Fig 1.
Spaced-word match between two DNA sequences S1 and S2 at (2,3) with respect to a pattern P = 1100101 representing match positions (‘1’) and don’t-care positions (‘0’).
The same spaced word TA**A*C occurs at position 2 in S1 and at position 3 in S2.
Fig 2.
Test run on Shigella dysenteriae 1 197 (4.44 Mb) and E. coli strain UTI89 (5.15 Mb).
F(k), as defined in (3), is plotted against the word length k for contiguous words. From the length of the sequences, the values of kmin and kmax are calculated with (14) and (15) as kmin = 19 and kmax = 24.
Fig 3.
For distance values d between 0.05 and 1.0, we generated pairs of simulated DNA sequences of length L = 100 kb with a Jukes-Cantor distance d, i.e. with an average of d substitutions per sequence position.
Distances between the sequences were estimated with Slope-SpaM, (a) based on k-mers and (b) based on spaced words with random patterns with a probability of 0.5 for a match position at each position. For each value of d, 20,000 sequence pairs were generated, their average estimated distances are plotted against the real distances. Standard deviations are shown as error bars.
Fig 4.
Estimated vs. real distances for pairs of simulated sequences as in Fig 3, but with sequences of length L = 1Mb.
Fig 5.
Distances estimated by the alignment-free programs Mash [9], Skmer [37], Slope-Spam (this paper) and Spaced [40] between semi-artificial sequences consisting of 252 homologous genes from 19 strains of Wolbachia, embedded in non-related random sequences.

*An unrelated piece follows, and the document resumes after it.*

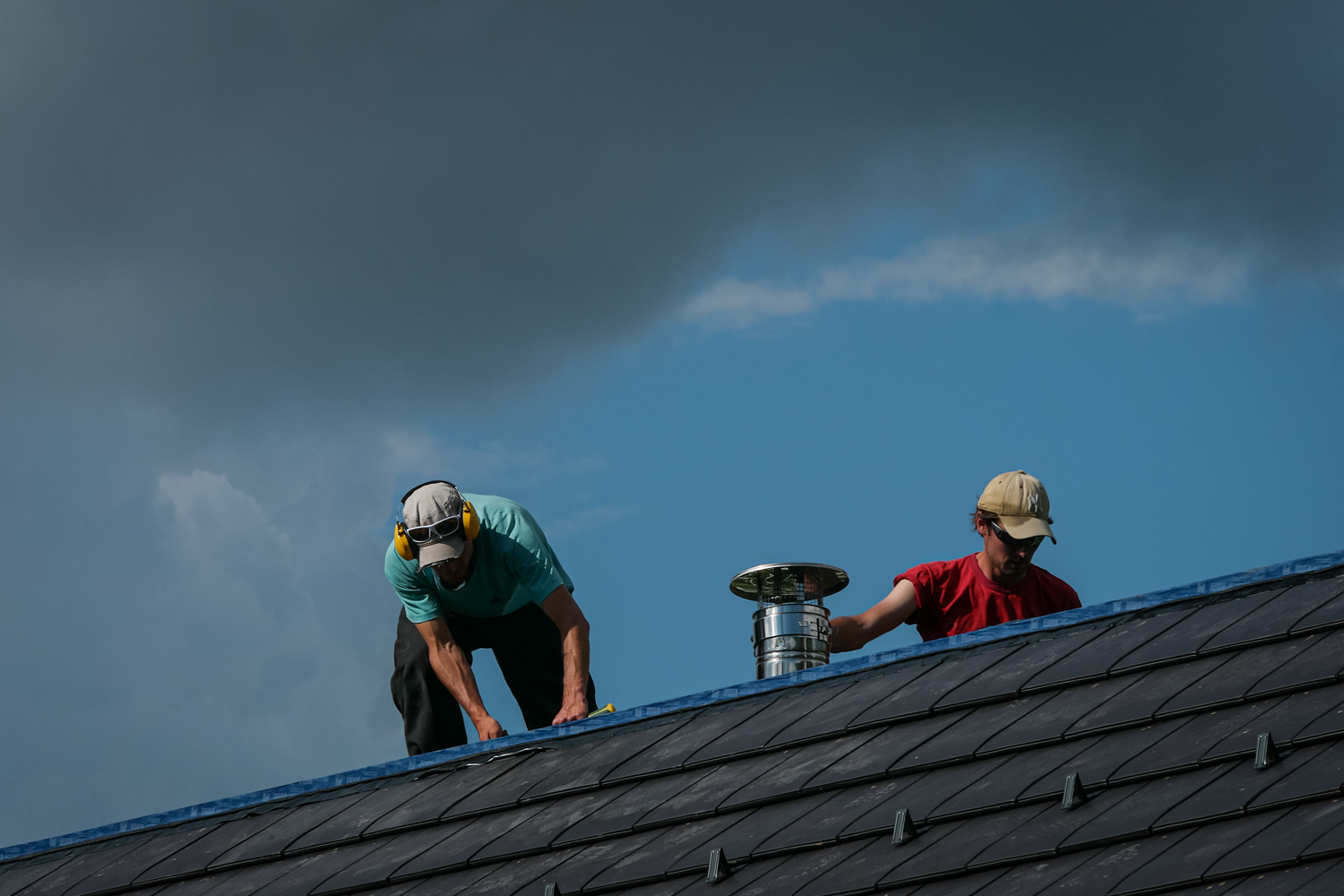 Pour des raisons de durabilité, nous préférons proposer des tuiles terre cuite. Celles-ci sont souvent quasiment plates dans nos régions. Leur pose est évidemment plus longue et plus technique que celle du bac acier, et renchérie encore lorsque la toiture présente de nombreux "accidents de toiture" (velux, cheminées, mais aussi arêtiers, noues etc.). Elles présentent cependant un aspect évidemment très différent pour l’identité de la maison, et sont moins bruyantes (pluie) que le bac acier. Cette différence est relativement amoindrie dans le cas des toitures paille, qui sont très épaisses et limitent la propagation de bruits à l’intérieur.
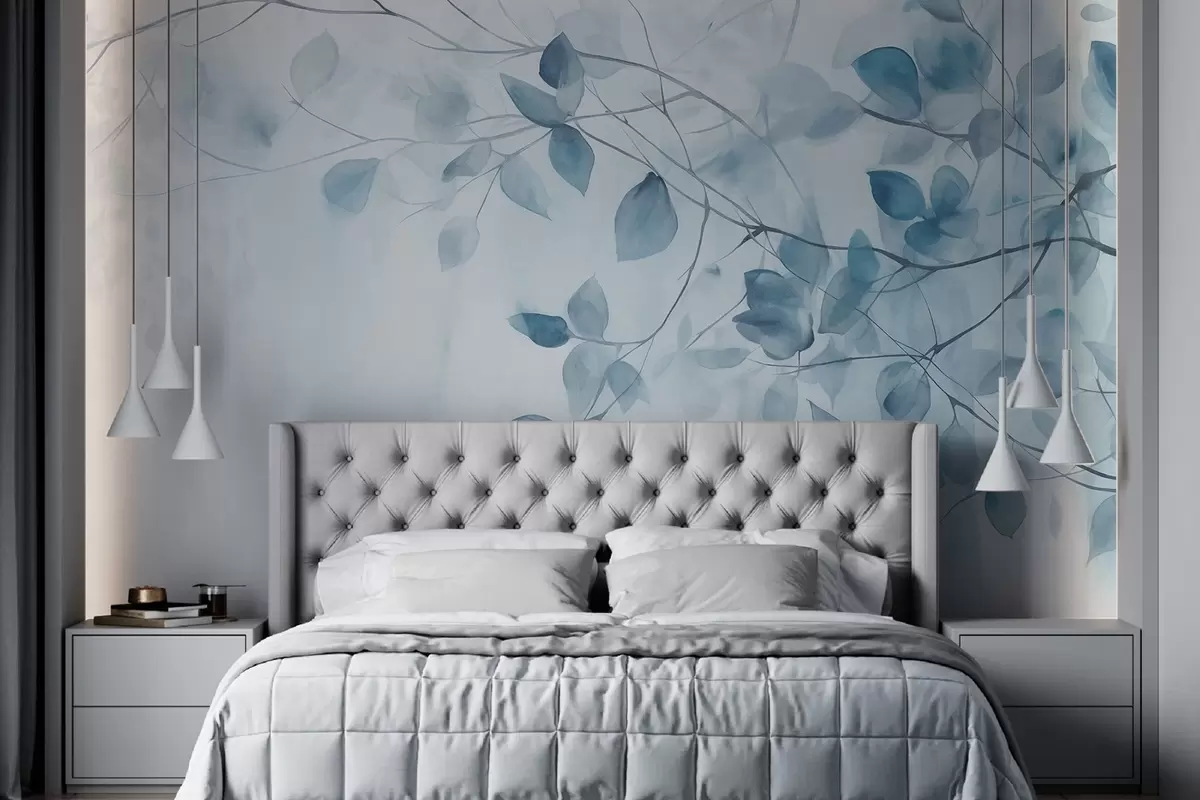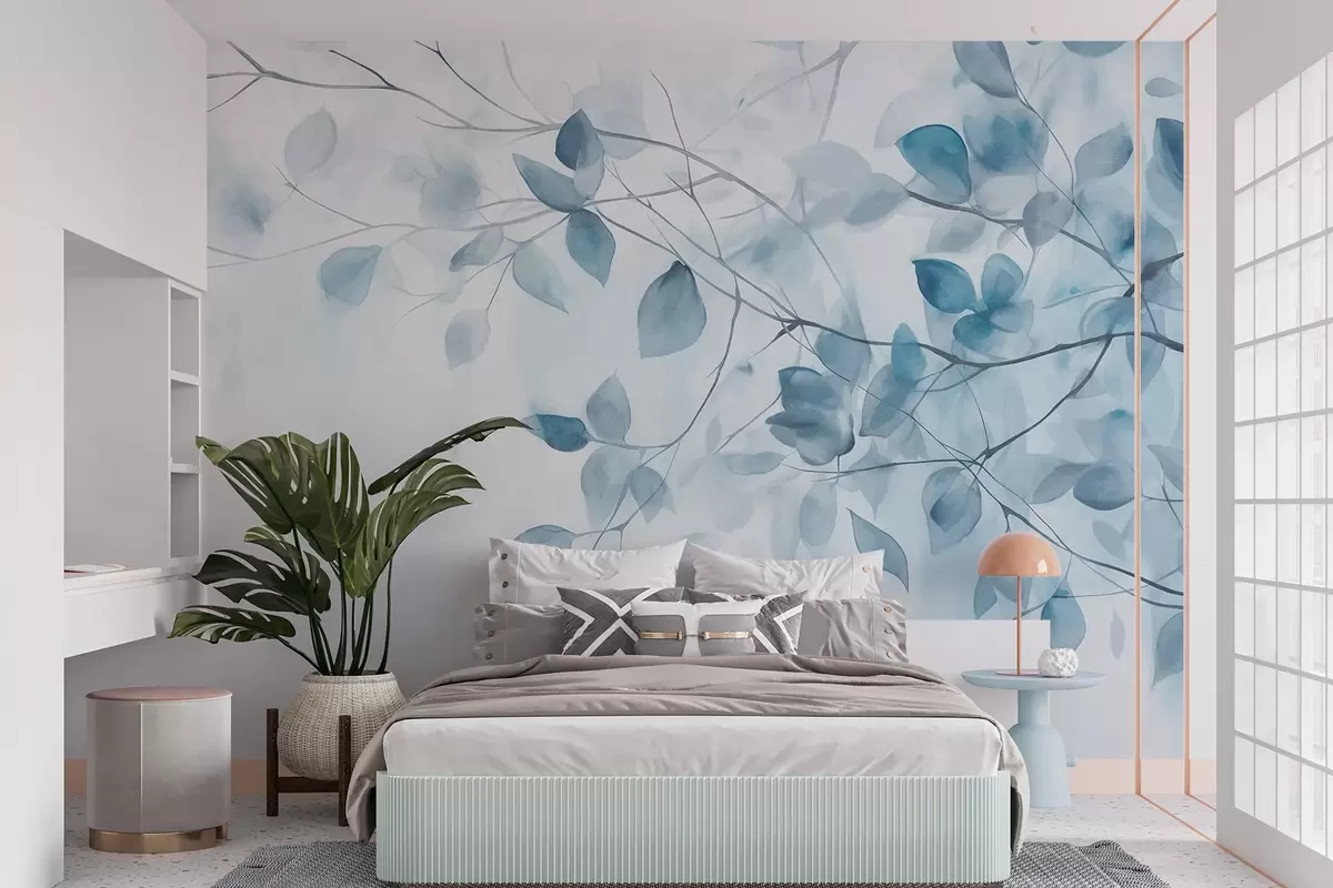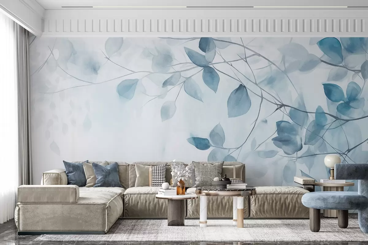 Фотошпалери Текстурний акварельний живопис з імітацією синього листя та гілок, м'які кольори, ніжні деталі на білому тлі w09133v1

Ten data sets were generated by adding random sequences of different lengths. The x-axis is the proportion of the homologous sequence within the semi-artificial sequences, the y-axis is the ratio between the distance estimated from the semi-artificial sequences and the distances estimated from the original, homologous gene sequences, see the main text for more details.
Table 1.
Test results on five sets of genome sequences from AFproject.
Pairwise distance values calculated with different alignment-free methods were used as input for Neighbor-Joining [60]; the table contains normalized Robinson-Foulds distances between the resulting trees and reference trees. Thus, the smaller the values are, the more similar are the produced trees to the reference trees. The table also shows the median results from 74 methods evaluated in the AFproject study. Three of the best performing programs in this study are shown (all results, except for Slope-SpaM, are taken from [44]).
Table 2.
Runtime in seconds of Slope-SpaM (with spaced words) and six other alignment-free programs on three different sets of genomes that were used as benchmark data in AFproject [44].
On the largest data set, the set of plant genomes, co-phylog and kmacs were unable to produce results.